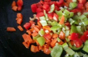 2、起鍋,熱油,放入少許蔥花煸香,隨後倒入胡蘿卜丁炒一下。蘿卜翻炒至軟化後,倒入青椒,紅椒,繼續翻炒。
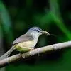 黄腹鹪莺:体长13厘米,是一种体型略大而尾长的橄榄绿色鹪莺。喉及胸白色,以下胸及腹部黄色为其特征。头灰,有时具浅淡近白的短眉纹;上体橄榄绿色;腿部皮黄或棕色。换羽导致羽色有异。繁殖期尾较短,…全部>>
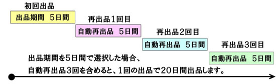 下の例は5日間で設定し出品した例です、例の様に出品期間を5日間で設定した場合、自動再出品3回を
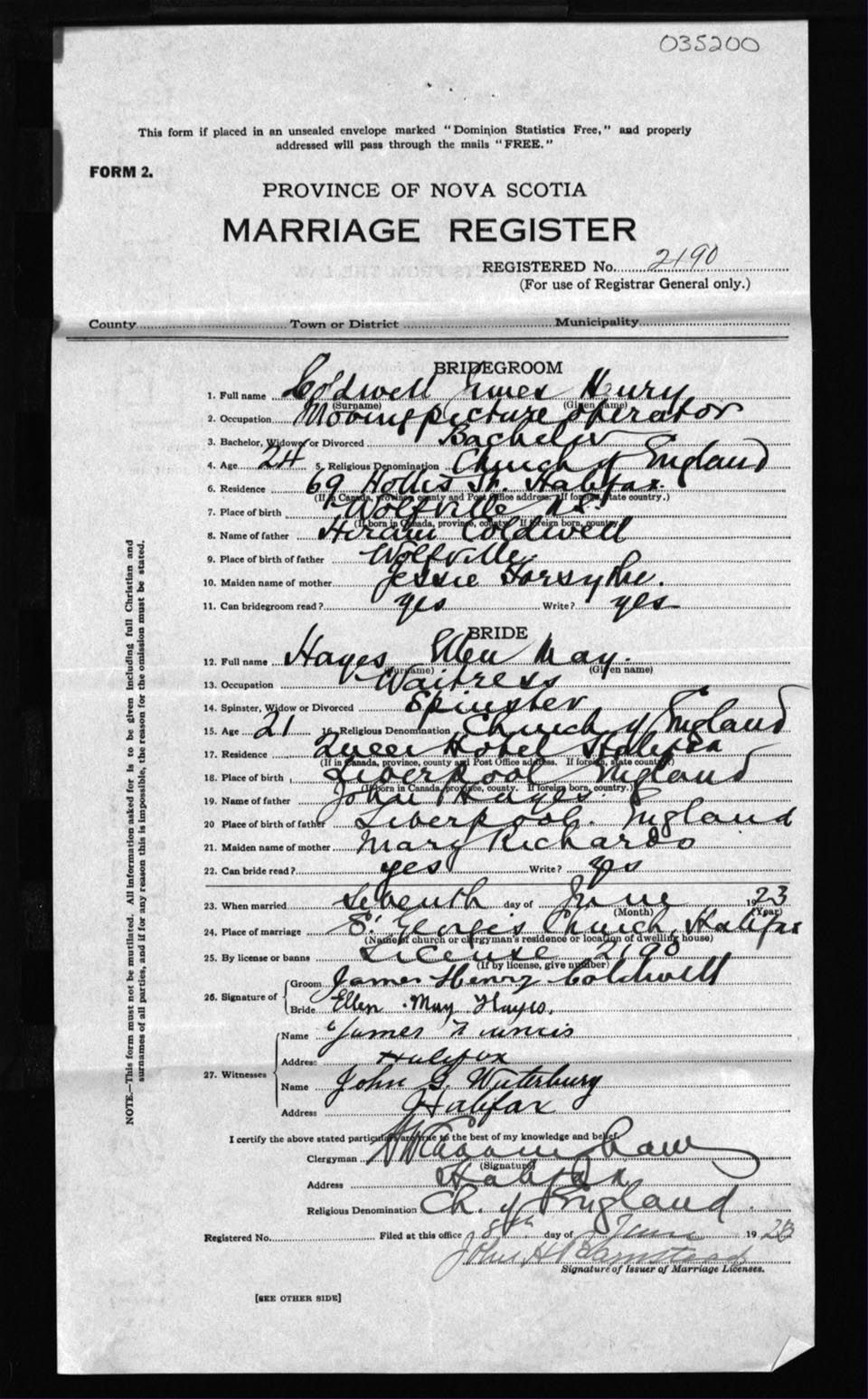 Registration: Year: 1923 number: 35200

##############################

Task to complete – Please write out every line of the listing above exactly, and leave the images behind.

Solved problem –
 2、起鍋,熱油,放入少許蔥花煸香,隨後倒入胡蘿卜丁炒一下。蘿卜翻炒至軟化後,倒入青椒,紅椒,繼續翻炒。
 黄腹鹪莺:体长13厘米,是一种体型略大而尾长的橄榄绿色鹪莺。喉及胸白色,以下胸及腹部黄色为其特征。头灰,有时具浅淡近白的短眉纹;上体橄榄绿色;腿部皮黄或棕色。换羽导致羽色有异。繁殖期尾较短,…全部>>
 下の例は5日間で設定し出品した例です、例の様に出品期間を5日間で設定した場合、自動再出品3回を
 Registration: Year: 1923 number: 35200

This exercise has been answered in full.